[Data to process — start]

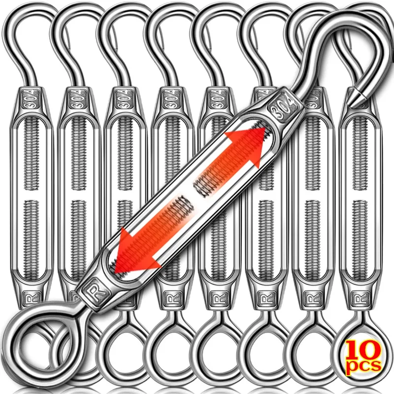 M4 M5 M6 Turnbuckle Adjustable Rope Tightener Stainless Steel Hook and Eye Rigging Sailing Tension Adjustable Wire Rope Hardware
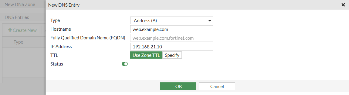 6. Enter the Domain Name of the zone, for example, fortinet.com.
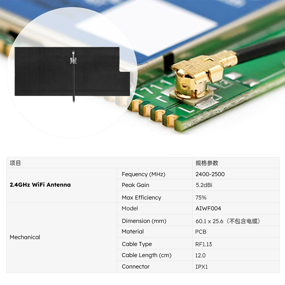 | AIWF017 | 2.4GHz 37.4*17.5mm 2.4G WiFi 嵌入式PCB天线 | M01-0601140R0A | 支持定制 |
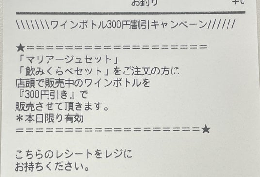 ・特典:「f winery 醸造ワインマリアージュセット」や「f winery 醸造ワイン飲み比べセット」の注文すると、レシートに、ワインボトル(750ml)購入の300円OFFクーポンチケットが付いています。
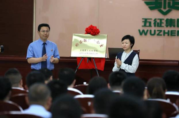 仪式上,县检察院检察长张伟与五征集团总经理姜文娟共同为五莲县人民检察院、五征集团“检企联络办公室”揭牌。
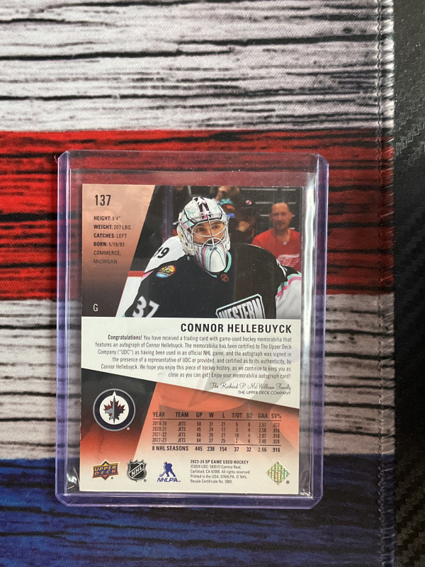 You are purchasing a 2024 2020-21 Upper Deck SP Game Used Connor Hellebuyck #137 Jersey Patch 14/35. You will receive the exact item in the photographs. Thank you for looking.
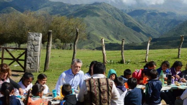 En el marco de su visita a Tucumán, el presidente Mauricio Macri visitó una escuela de montaña en la zona de Anfama, donde compartió un almuerzo con profesores y alumnos.
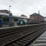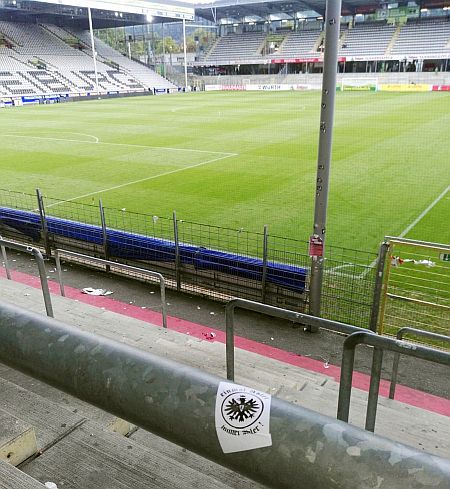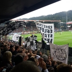 Nach Abpfiff bekommen von Ernst noch ein Bierchen in die Hand gedrückt und wandern wir noch rüber in die Heimkurve, die sich rasch geleert hat. Dort besuchen Achim, mit dem ich schon vor 20 Jahren hier Spiele besucht habe. Noch rasch ein Aufkleber verbabbt, ein Schöppchen im Fanhaus genommen und beschwingt sitzen wir wieder in der Straßenbahn. Dem Abendessen beim Thai folgt die kurze Bahnfahrt nach Emmendingen und alsbald liege ich in der Koje und schlafe den Schlaf des Gerechten.
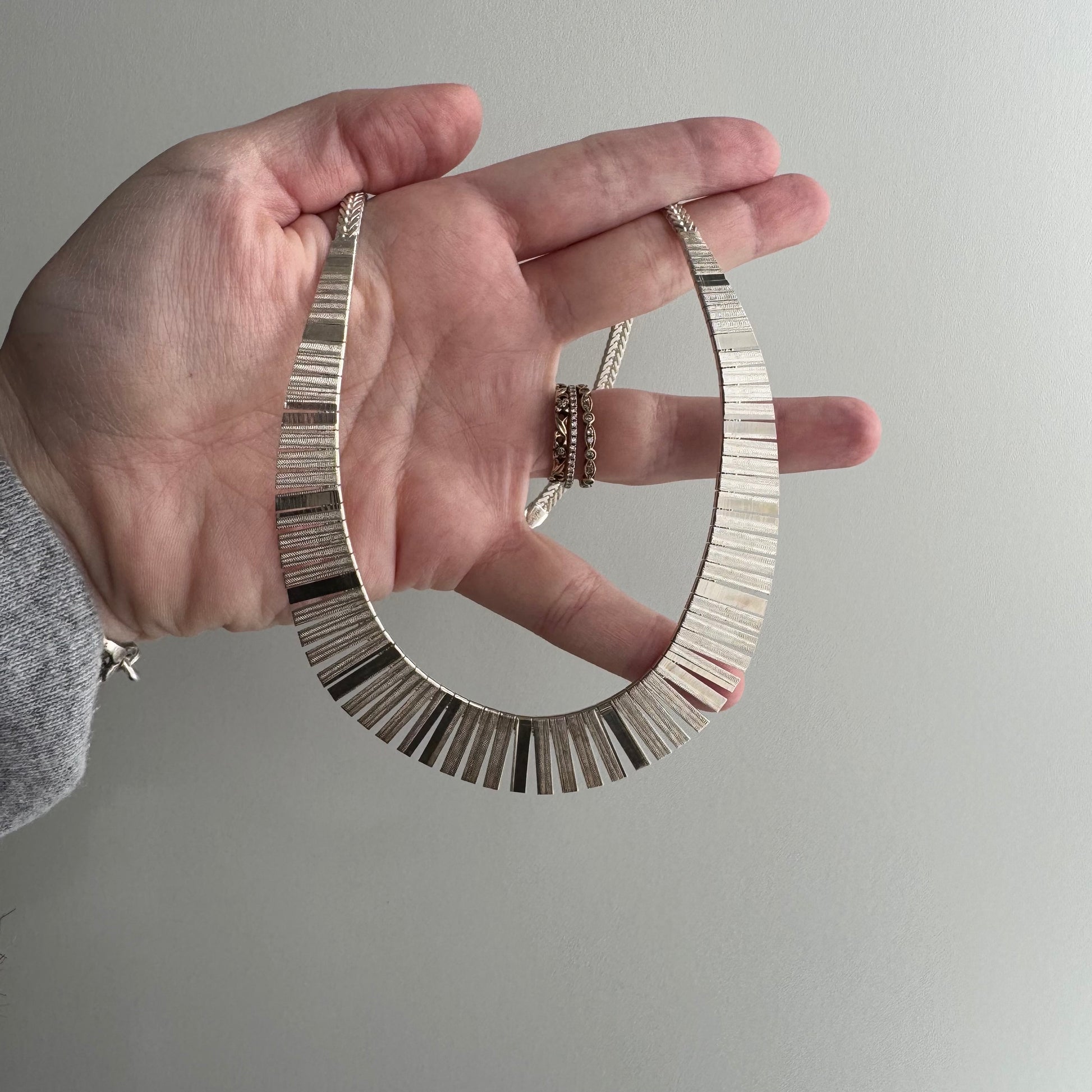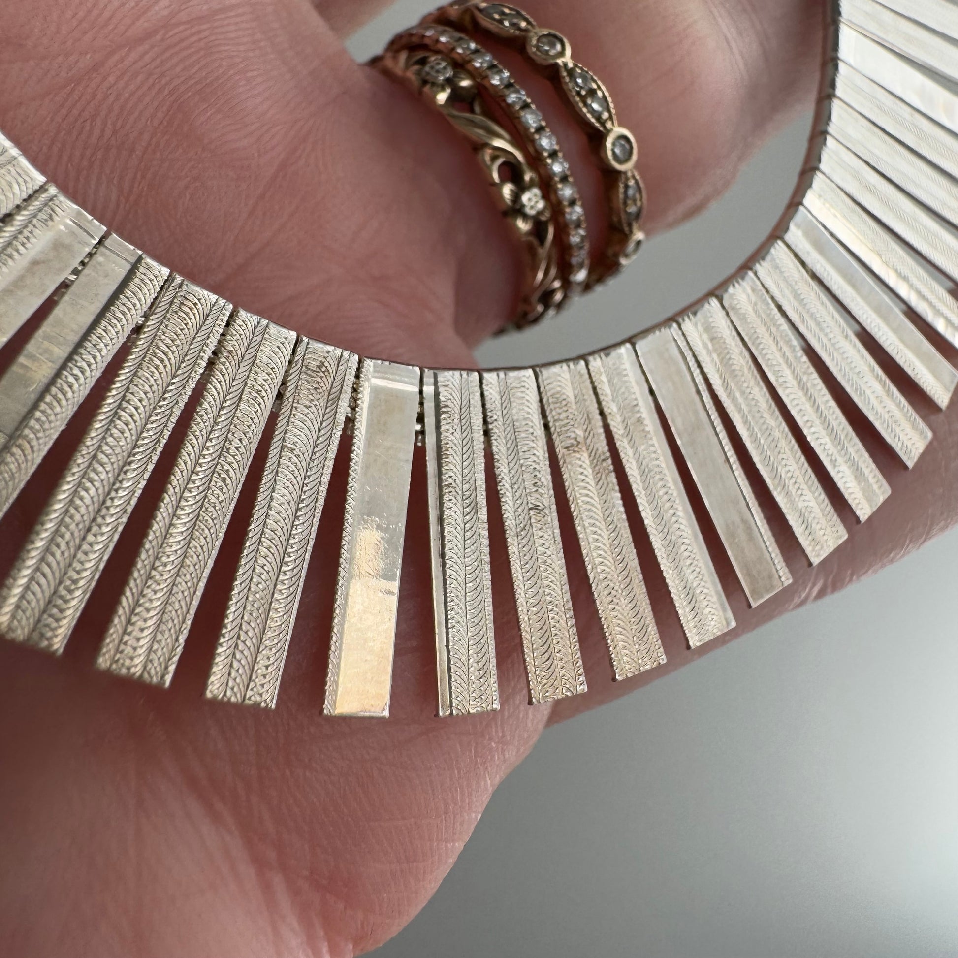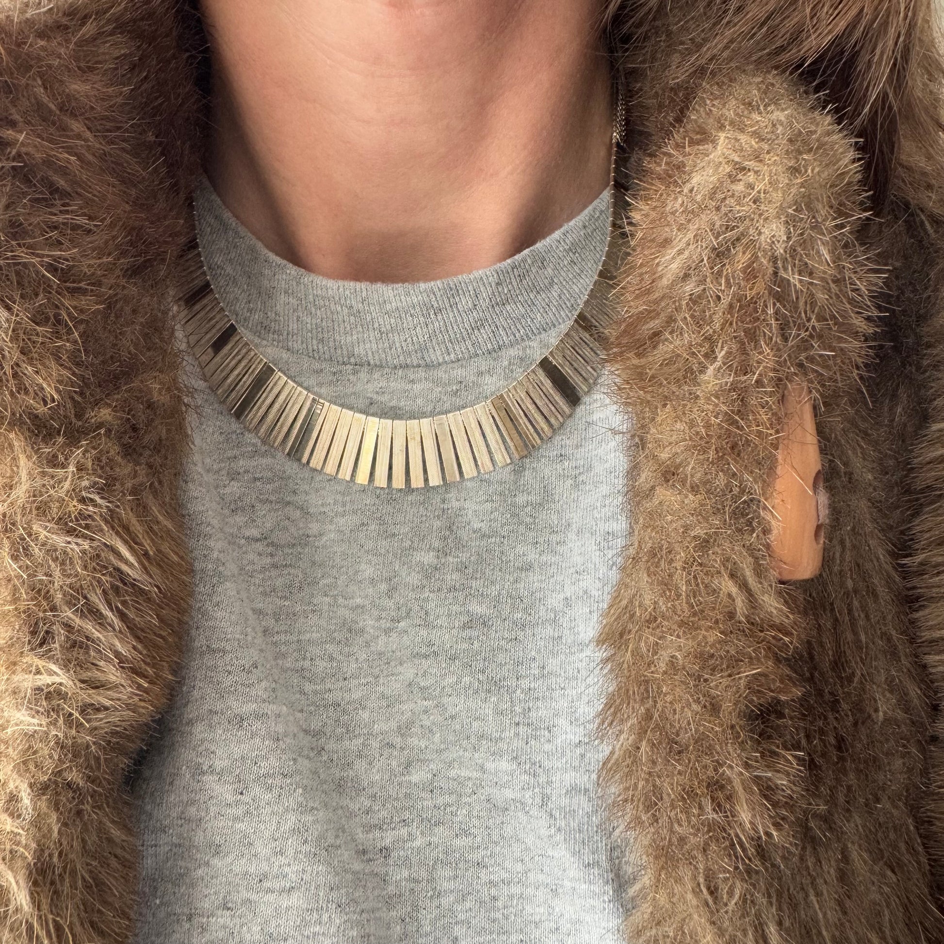 a timeless Cleopatra style paneled necklace. graduated panels finished with a very shimmery matte pattern and one mirror like panel that repeats every 5th panel adding visual intrigue and contrast

[Data to process — finish]

What to produce
Omitting all pictures, copy the preceding entries without any alteration.

Reply to the exercise
 M4 M5 M6 Turnbuckle Adjustable Rope Tightener Stainless Steel Hook and Eye Rigging Sailing Tension Adjustable Wire Rope Hardware
 6. Enter the Domain Name of the zone, for example, fortinet.com.
 | AIWF017 | 2.4GHz 37.4*17.5mm 2.4G WiFi 嵌入式PCB天线 | M01-0601140R0A | 支持定制 |
 ・特典:「f winery 醸造ワインマリアージュセット」や「f winery 醸造ワイン飲み比べセット」の注文すると、レシートに、ワインボトル(750ml)購入の300円OFFクーポンチケットが付いています。
 仪式上,县检察院检察长张伟与五征集团总经理姜文娟共同为五莲县人民检察院、五征集团“检企联络办公室”揭牌。
 You are purchasing a 2024 2020-21 Upper Deck SP Game Used Connor Hellebuyck #137 Jersey Patch 14/35. You will receive the exact item in the photographs. Thank you for looking.
 En el marco de su visita a Tucumán, el presidente Mauricio Macri visitó una escuela de montaña en la zona de Anfama, donde compartió un almuerzo con profesores y alumnos.
 Nach Abpfiff bekommen von Ernst noch ein Bierchen in die Hand gedrückt und wandern wir noch rüber in die Heimkurve, die sich rasch geleert hat. Dort besuchen Achim, mit dem ich schon vor 20 Jahren hier Spiele besucht habe. Noch rasch ein Aufkleber verbabbt, ein Schöppchen im Fanhaus genommen und beschwingt sitzen wir wieder in der Straßenbahn. Dem Abendessen beim Thai folgt die kurze Bahnfahrt nach Emmendingen und alsbald liege ich in der Koje und schlafe den Schlaf des Gerechten.
 a timeless Cleopatra style paneled necklace. graduated panels finished with a very shimmery matte pattern and one mirror like panel that repeats every 5th panel adding visual intrigue and contrast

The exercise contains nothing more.